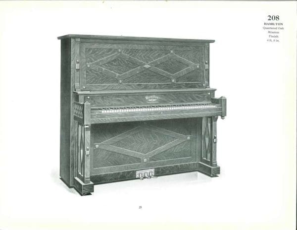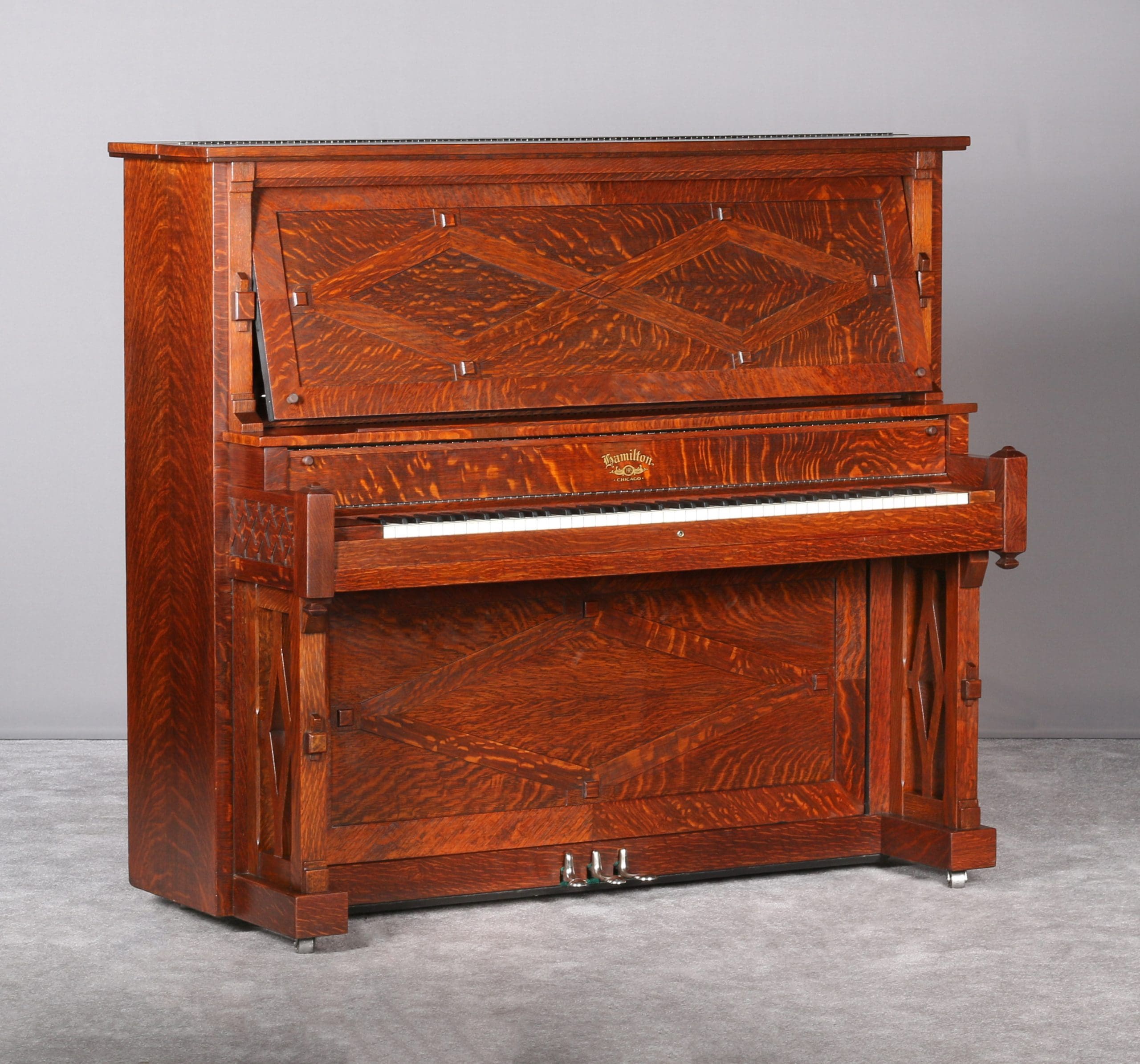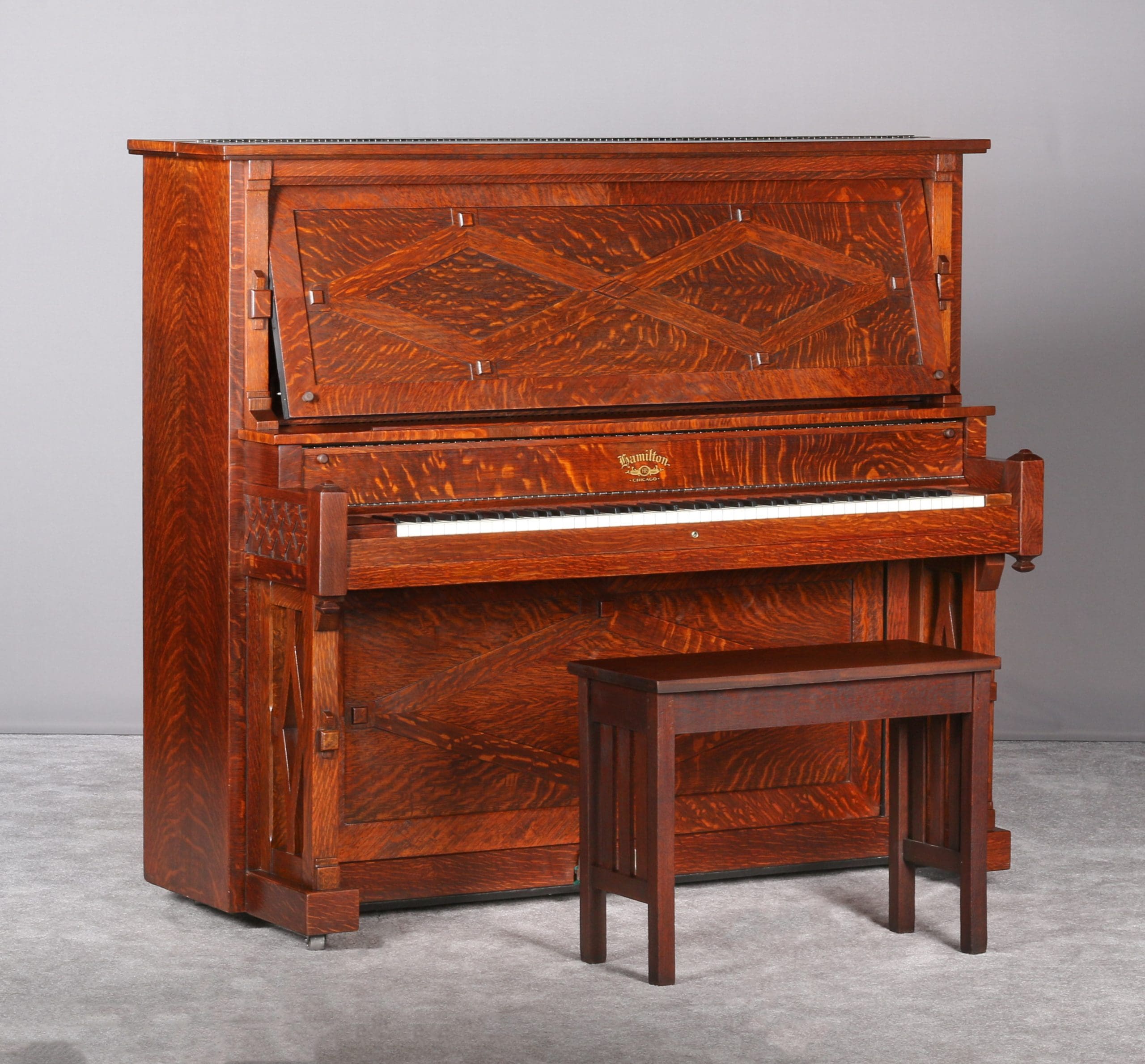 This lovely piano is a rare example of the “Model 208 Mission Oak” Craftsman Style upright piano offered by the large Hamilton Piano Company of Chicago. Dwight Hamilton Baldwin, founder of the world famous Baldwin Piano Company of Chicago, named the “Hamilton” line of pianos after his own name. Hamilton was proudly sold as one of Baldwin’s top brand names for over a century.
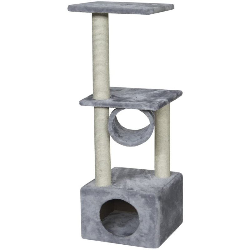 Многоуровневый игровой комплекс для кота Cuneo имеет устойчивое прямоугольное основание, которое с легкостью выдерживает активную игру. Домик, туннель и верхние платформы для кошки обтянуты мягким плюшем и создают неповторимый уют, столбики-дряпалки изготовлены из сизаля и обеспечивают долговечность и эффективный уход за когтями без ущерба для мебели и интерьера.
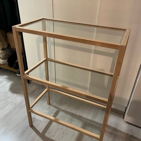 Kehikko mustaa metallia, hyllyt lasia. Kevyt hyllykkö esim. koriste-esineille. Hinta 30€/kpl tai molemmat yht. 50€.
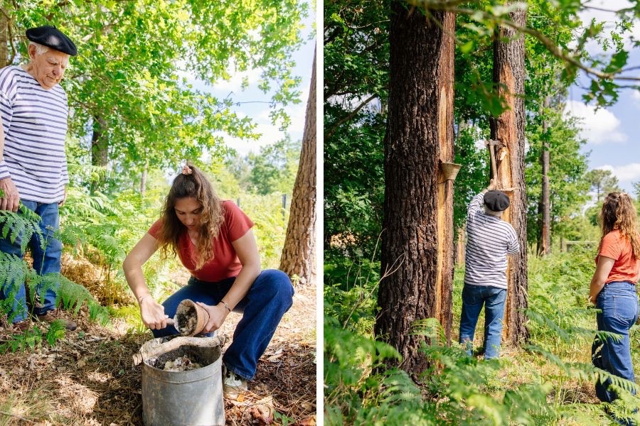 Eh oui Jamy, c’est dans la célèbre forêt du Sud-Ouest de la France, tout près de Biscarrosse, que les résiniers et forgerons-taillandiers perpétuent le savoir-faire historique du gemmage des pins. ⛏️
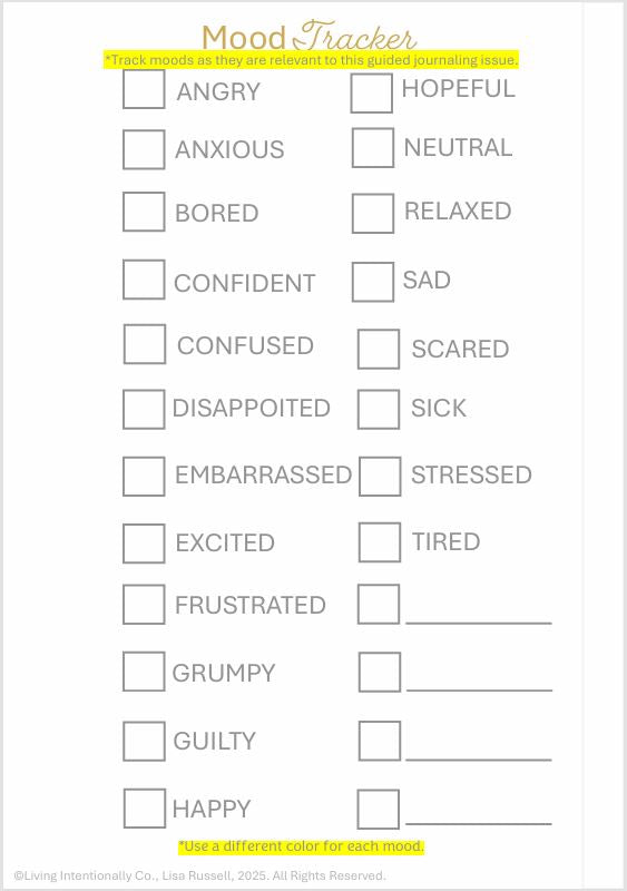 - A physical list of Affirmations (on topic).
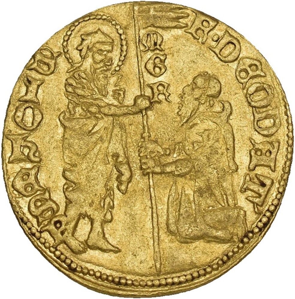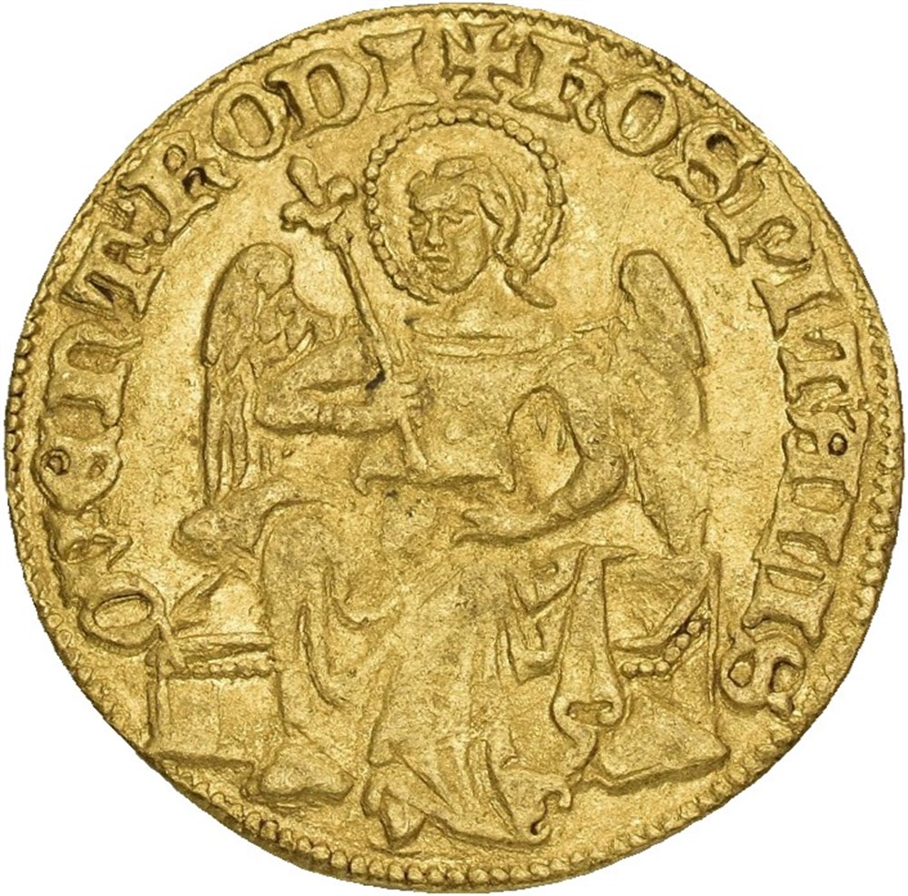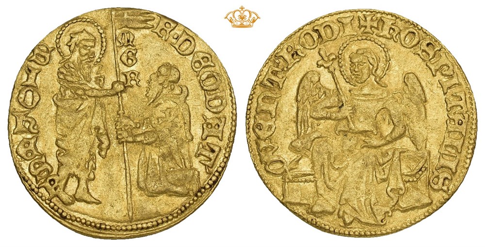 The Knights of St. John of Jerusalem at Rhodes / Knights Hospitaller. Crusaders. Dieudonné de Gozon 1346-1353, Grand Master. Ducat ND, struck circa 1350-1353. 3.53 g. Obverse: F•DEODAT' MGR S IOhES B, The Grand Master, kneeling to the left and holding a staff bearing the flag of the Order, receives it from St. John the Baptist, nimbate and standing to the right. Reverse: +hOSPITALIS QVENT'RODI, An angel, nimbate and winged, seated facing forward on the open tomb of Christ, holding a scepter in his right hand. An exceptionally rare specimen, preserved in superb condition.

============================================================

ACTION ITEM:
In the listing above, find the line containing "Многоуровневый игровой комплекс" and the line containing "- A physical". Reproduce those lines and all between them exactly, with no pictures and nothing more.

RESPONSE TO THE EXERCISE:
 Многоуровневый игровой комплекс для кота Cuneo имеет устойчивое прямоугольное основание, которое с легкостью выдерживает активную игру. Домик, туннель и верхние платформы для кошки обтянуты мягким плюшем и создают неповторимый уют, столбики-дряпалки изготовлены из сизаля и обеспечивают долговечность и эффективный уход за когтями без ущерба для мебели и интерьера.
 Kehikko mustaa metallia, hyllyt lasia. Kevyt hyllykkö esim. koriste-esineille. Hinta 30€/kpl tai molemmat yht. 50€.
 Eh oui Jamy, c’est dans la célèbre forêt du Sud-Ouest de la France, tout près de Biscarrosse, que les résiniers et forgerons-taillandiers perpétuent le savoir-faire historique du gemmage des pins. ⛏️
 - A physical list of Affirmations (on topic).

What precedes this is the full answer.